Much of the Gospel of Philip is concerned with Gnostic views of the origin and nature of mankind and the sacraments it refers to as baptism, unction and marriage. It is not always clear whether these are the same literal rituals known in other parts of the early Christian movement and since, or ideal and heavenly realities. The Gospel emphasizes the sacramental nature of the embrace between man and woman (or ideas represented by these as types) in the "nuptial chamber," which is an archetype of spiritual unity. (Note: The Old and New Testament and Gnostic contexts and the text are discussed by Grant 1961) Many of the sayings are identifiably related to other texts referred to by scholars as Gnostic, and often appear quite mysterious and enigmatic (these are from the translation by Isenberg 1996):

The Lord said, "Blessed is he who is before he came into being. For he who is, has been and shall be."

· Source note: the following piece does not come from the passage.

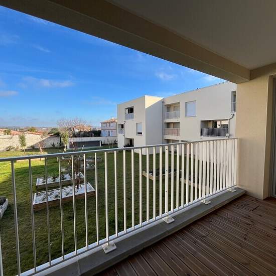 CASTANET-TOLOSAN on the border of AUZEVILLE-TOLOSANE This recent development offers a pleasant one-bedroom (T2) apartment located on the first floor. It comprises a living room with equipped kitchen (upper and lower units, a sink, 2-burner ceramic hob, an extractor hood), a bedroom with a dressing area, a shower room with a toilet and a 5.94 m² balcony. It includes an underground parking space.

He who has knowledge of the truth is a free man, but the free man does not sin, for "He who sins is the slave of sin" (John 8:34). Truth is the mother, knowledge the father.

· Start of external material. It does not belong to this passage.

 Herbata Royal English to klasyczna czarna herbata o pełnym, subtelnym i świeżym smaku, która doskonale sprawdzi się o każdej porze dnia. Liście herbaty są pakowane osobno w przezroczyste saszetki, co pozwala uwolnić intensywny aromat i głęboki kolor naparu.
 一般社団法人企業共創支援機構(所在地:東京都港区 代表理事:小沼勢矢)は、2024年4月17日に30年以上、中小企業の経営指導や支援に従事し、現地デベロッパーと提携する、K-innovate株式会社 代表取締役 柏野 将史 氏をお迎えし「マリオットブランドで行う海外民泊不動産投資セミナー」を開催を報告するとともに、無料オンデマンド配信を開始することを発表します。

Echamoth is one thing and Echmoth, another. Echamoth is Wisdom simply, but Echmoth is the Wisdom of death, which is the one who knows death, which is called "the little Wisdom".

Early in the text it says: "Those who say they will die first and then rise are in error. If they do not first receive the resurrection while they live, when they die they will receive nothing."

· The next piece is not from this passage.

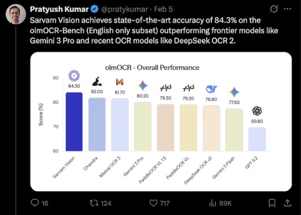 An Indian company, Sarvam AI, released a vision model that can read text from images (OCR) very well. In some tests, it performed better than Google’s Gemini 3 model. They also have a voice model that competes well with global companies, showing that Indian AI technology is advancing rapidly.
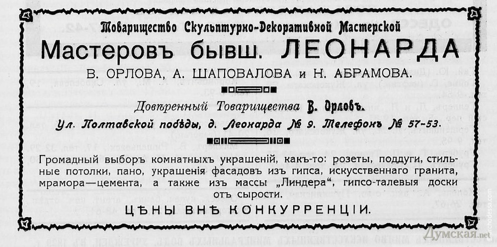 Владельцы помещений дома №9 по Канатной реставрируют выходящий на улицу фасад этого здания, являющегося памятником архитектуры местного значения. Ход работ зафиксировал корреспондент «Думской». Так называемый доходный дом Леонарда был построен в начале XX века по проекту архитектора Моисея Линецкого. Здание «иллюстрирует постепенный переход от сухого академизма эклектики того периода к более свободным и чувственным формам раннего модерна», отмечает портал «Архитектура Одессы». Первыми владельцами дома были братья Карл и Георгий Леонард. В здании размещалась скульптурно-мраморная мастерская и зеркальная фабрика. Во второй половине 1900-х годов оба предприятия вместе с домом переходят в собственность Августа Легера и не меняют владельца вплоть до революции. В середине 1900-х годов часть жилых и конторских помещений сдавалась в аренду. Незадолго до смены владельцев в доме практиковал врач Август Александрович Шварц (сведения о нем исчезают в 1907 году). После 1907 года здесь квартировал инспектор РОПиТ (Российское общество пароходства и торговли) по эксплуатации Александр Николаевич Смирнов, а между 1907 и 1909 годами на Канатную, 9 переехала химическая фабрика инженера-химика И. Крамера, рекламу которой можно найти в справочной периодике, изданной до 1913 года. Фабрика специализировалась на фруктовых эссенциях и пищевых красителях «для пищевыхъ продуктовъ, конфектъ, кондиторск. издѣлiй, ликеровъ, сироповъ, консервовъ, масла и проч.». После революции здание не избежало судьбы большинства домов центра Одессы — перепланировки и реконструкции в связи с «уплотнением», в результате чего интерьеры особняка были почти полностью утрачены. Фасад дома, напротив, дошел до наших дней в практически неизменном виде и даже сохранил лепной картуш с вензелем первых владельцев («L» — Leonard). К 2000-м годам лицевое крыло перестало исполнять жилые функции и ныне практически целиком занято офисами различных организаций. СМЕРТЬ РОСІЙСЬКИМ ОКУПАНТАМ! Помітили помилку? Виділяйте слова з помилкою та натискайте control-enter |

Later in the text it says: "Those who say that the Lord died first and then rose up are in error – for He rose up first and then died."

Jesus came to crucify the world.

Jesus took them all by stealth, for he did not appear as he was, but in the manner in which they would be able to see him. He appeared to them all. He appeared to the great as great. He appeared to the small as small. He appeared to the angels as an angel, and to men as a man.

It is not possible for anyone to see anything of the things that actually exist unless he becomes like them... You saw the Spirit, you became spirit. You saw Christ, you became Christ. You saw the Father, you shall become Father. So in this place you see everything and do not see yourself, but in that place you do see yourself - and what you see you shall become.

Adam came into being from two virgins, from the Spirit and from the virgin earth. Christ therefore, was born from a virgin to rectify the Fall which occurred in the beginning.

One saying in particular appears to identify the levels of initiation in Gnosticism, although what exactly the bridal chamber represented in gnostic thought is a matter of debate:

The Lord did everything in a mystery, a baptism and a chrism and a eucharist and a redemption and a bridal chamber.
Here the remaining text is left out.